Die nigerianisch-amerikanische Schriftstellerin und Professorin Nnedi Okorafor schreibt nicht nur interessante und preisträchtige Romane, sondern zeichnet sich auch für manchen Comic verantwortlich. „Black Panther: Long Live the King“ etwa entsprang ihrer Schreibfeder genau wie der Kurzcomic „Blessing in Disguise„, der die Verschleppung von 200 nigerianischen Mädchen durch die terroristische Gruppe Boko Haram thematisiert. Nun hat sie sich den Legenden rund um den arabischen Dichter Antara Ibn Schaddad al-Absi oder kurz: „Antar“ angenommen.

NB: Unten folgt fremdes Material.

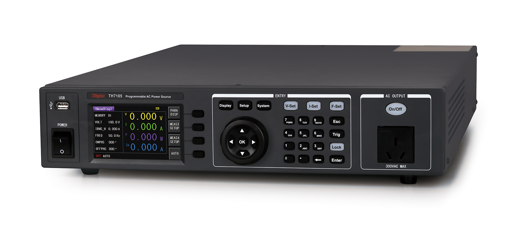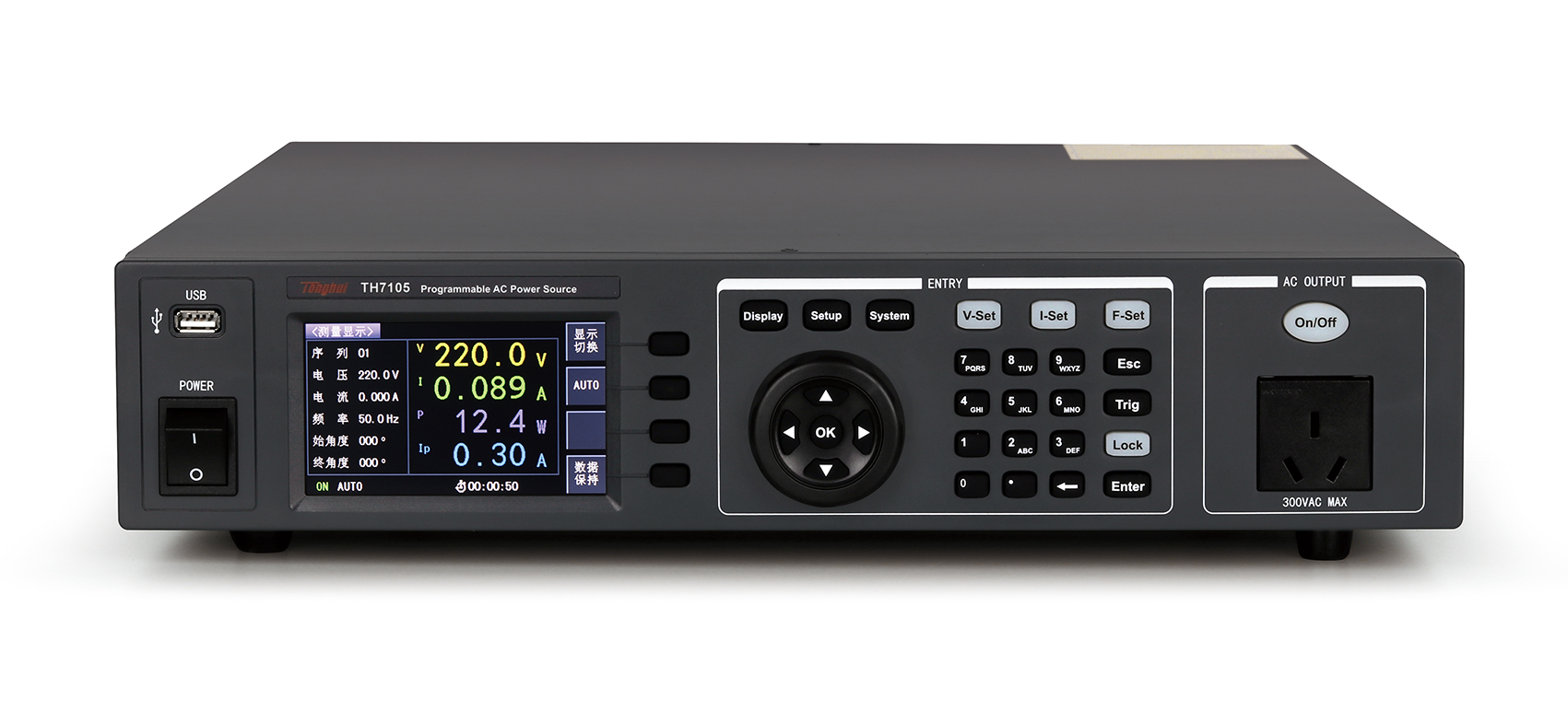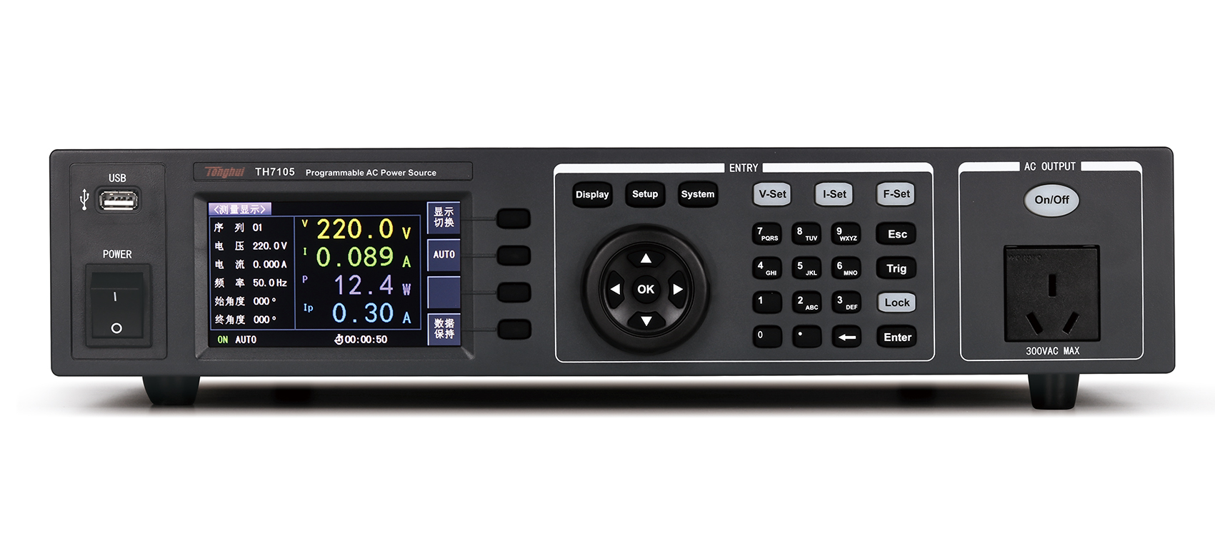 TH7100系列可編程交流電源配備了24位色4.3英寸的液晶顯示屏,可同時顯示電壓(V)、電流(I)、功率(P)、峰值電流(AP)、峰值因素(CF)、功率因數(PF)等測量參數。此外,這款電源還具有超小體積,前后面板輸出,安全保護功能完備、操作靈活方便等人性化的設計特點。

Als Sohn des noblen Schaddad ibn Muawiya und einer Sklavin aus Äthiopien namens Zabida war es primär Antars Hautfarbe, die ihn von seinen Verwandten väterlicherseits trennte. Trotz dieser Abstammung war er nicht mehr als ein Sklave, ein Kameltreiber, dem man nichts zutraute und der es zu nichts bringen würde. Dachte man. Denn natürlich handelt es sich um eine über die Jahrhunderte immer weiter ausgeschmückte und fabelhafter gewordene Heldenreise vom Sklavenjungen zum geachteten Poeten und Krieger. Dies ist seine Geschichte.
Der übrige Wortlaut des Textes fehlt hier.